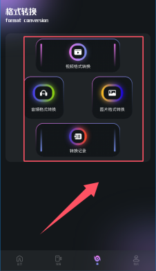 3、碰到格式不兼容的情况怎么办?别担心,“转换”页面为您提供专业的“视频格式转换”“音频格式转换”以及“图片格式转换”服务,还有一目了然的“转换记录”,能有效避免文件丢失哦。
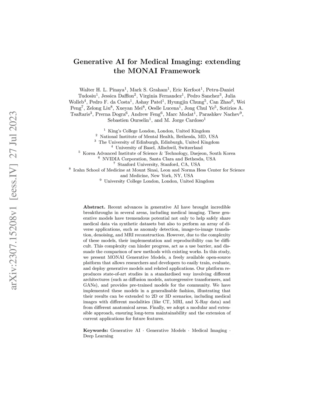 Generative AI for Medical Imaging: extending the MONAI Framework
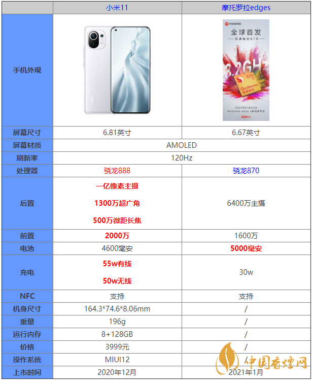 摩托羅拉edges是摩托羅拉即將發(fā)布的新款智能手機,那么這款手機和小米11的區(qū)別是什么?哪款手機更值得入手?許多小伙伴對此都十分好奇,接下來香煙網(wǎng)小編為大家?guī)碜钚碌哪ν辛_拉edges和小米11參數(shù)對比,快來看看吧。

BRIEF -
Retype the data word for word, please, and keep the images out.

RESPONSE -
 3、碰到格式不兼容的情况怎么办?别担心,“转换”页面为您提供专业的“视频格式转换”“音频格式转换”以及“图片格式转换”服务,还有一目了然的“转换记录”,能有效避免文件丢失哦。
 Generative AI for Medical Imaging: extending the MONAI Framework
 摩托羅拉edges是摩托羅拉即將發(fā)布的新款智能手機,那么這款手機和小米11的區(qū)別是什么?哪款手機更值得入手?許多小伙伴對此都十分好奇,接下來香煙網(wǎng)小編為大家?guī)碜钚碌哪ν辛_拉edges和小米11參數(shù)對比,快來看看吧。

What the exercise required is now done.